Pero eso sería en septiembre. Hasta entonces seguiría acordándose de las notas múltiples que repercutían por los callejones de la ciudad de Polonia que había dejado hacía dos meses, en junio, a principios del verano europeo, cuando creyó que había llegado el momento de viajar, observar y permitir que esas notas sonaran por callejones distintos, más lejanos. Hasta entonces tendría ante sí una perspectiva tan imponente como, en ocasiones, indeseable: Oporto, Lisboa, Roma, tal vez... Cuando todo hubiera terminado, Polonia sería, una vez más, el lugar monótono y hasta aborrecido de siempre. Y Oporto, desde la distancia, con todos sus puentes y todas sus torres, la cima del arte.
Volvió a estornudar. Algunas parejas se tomaban de la mano al pasear por delante de ella o al sentarse debajo de alguna sombrilla en las terrazas que los dueños de los bares colocaban a la orilla del río. Caminaba sin rumbo, mirando cómo una mujer bajaba los escalones de una casa encalada y cómo otra saludaba con la cabeza desde un banco de piedra. Ambas iban vestidas de negro. Ambas tenían el rostro arrugado y la piel oscura. Ambas sentirían la humedad del Duero en los huesos. Se cambió el violín de brazo y se acercó a una fuente. Bebió.

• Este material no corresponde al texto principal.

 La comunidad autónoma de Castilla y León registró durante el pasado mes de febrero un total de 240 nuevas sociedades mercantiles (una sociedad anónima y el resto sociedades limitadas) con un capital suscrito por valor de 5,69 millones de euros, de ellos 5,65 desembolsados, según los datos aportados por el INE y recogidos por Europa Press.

El agua refrescó su cara y sus manos al instante, y, al erguirse de nuevo, reparó en que, de repente, no reconocía el paisaje que se abría a su alrededor. Cerró los puños con fuerza y supo que estaba demasiado cansada. De albergar deseos mediocres; de la intensidad de su propio desfallecimiento; de su sonrisa, que no era la sonrisa de la felicidad espontánea. ¿Alguien iba a dedicarse alguna vez a escuchar lo que ella pudiera interpretar? ¿Esperaba que alguien real fuese a hablar con ella, en voz baja, pronunciando solo frases inteligentes? ¿Hasta qué punto podía desear que la gente se fijase en ella y escuchase con atención lo que tenía que contar con su violín?

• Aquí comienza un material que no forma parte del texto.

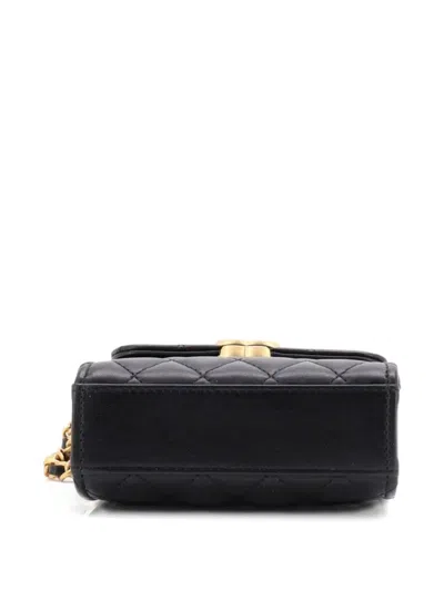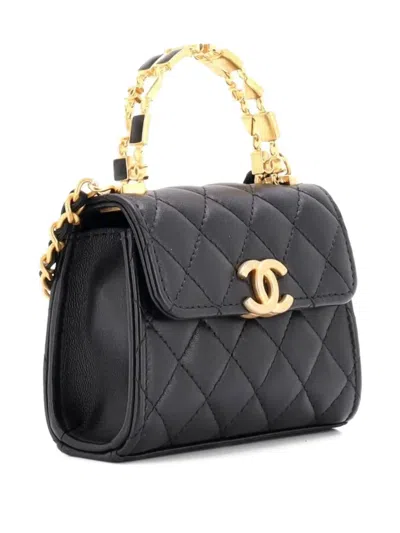 Pre-owned Coco Enamel Top Handle Flap Bag Quilted Lambskin Small Satchel In Black

Había llegado a la puerta de una iglesia. Pocos lugares eran tan buenos como aquél para ponerse a tocar. Estaba en la iglesia de San Antonio y, por el momento, allí solo había un hombre sentado en el umbral, con la mano extendida. Pero sabía que pronto llegaría alguien más. Asomó la cabeza, y al principio no pudo ver nada a causa de la profunda oscuridad del interior. Vaciló un instante, pero finalmente se decidió a entrar. Lo primero que sintió fue el repentino frescor de las piedras, la autoridad del fuerte olor y el silencio ancestral y eterno. Con solo sacar el violín y comenzar a hacer vibrar sus cuerdas, ella podría romper ese silencio perpetuo. Podría hacer que en aquel lugar donde solo se oían rezos, murmullos y expresiones lentas, de repente, sonara la melodía osada, casi irreverente, de su violín. Pero, por supuesto, no lo haría. Había una mujer en el primer banco, arrodillada y reclinada sobre las dos manos unidas para la oración.
Anne-Marie permaneció un segundo de pie, observándola. Luego se acercó, se arrodilló como ella, con la misma postración, en el banco posterior, y, dejando el violín sobre el asiento, a su lado, se echó a llorar.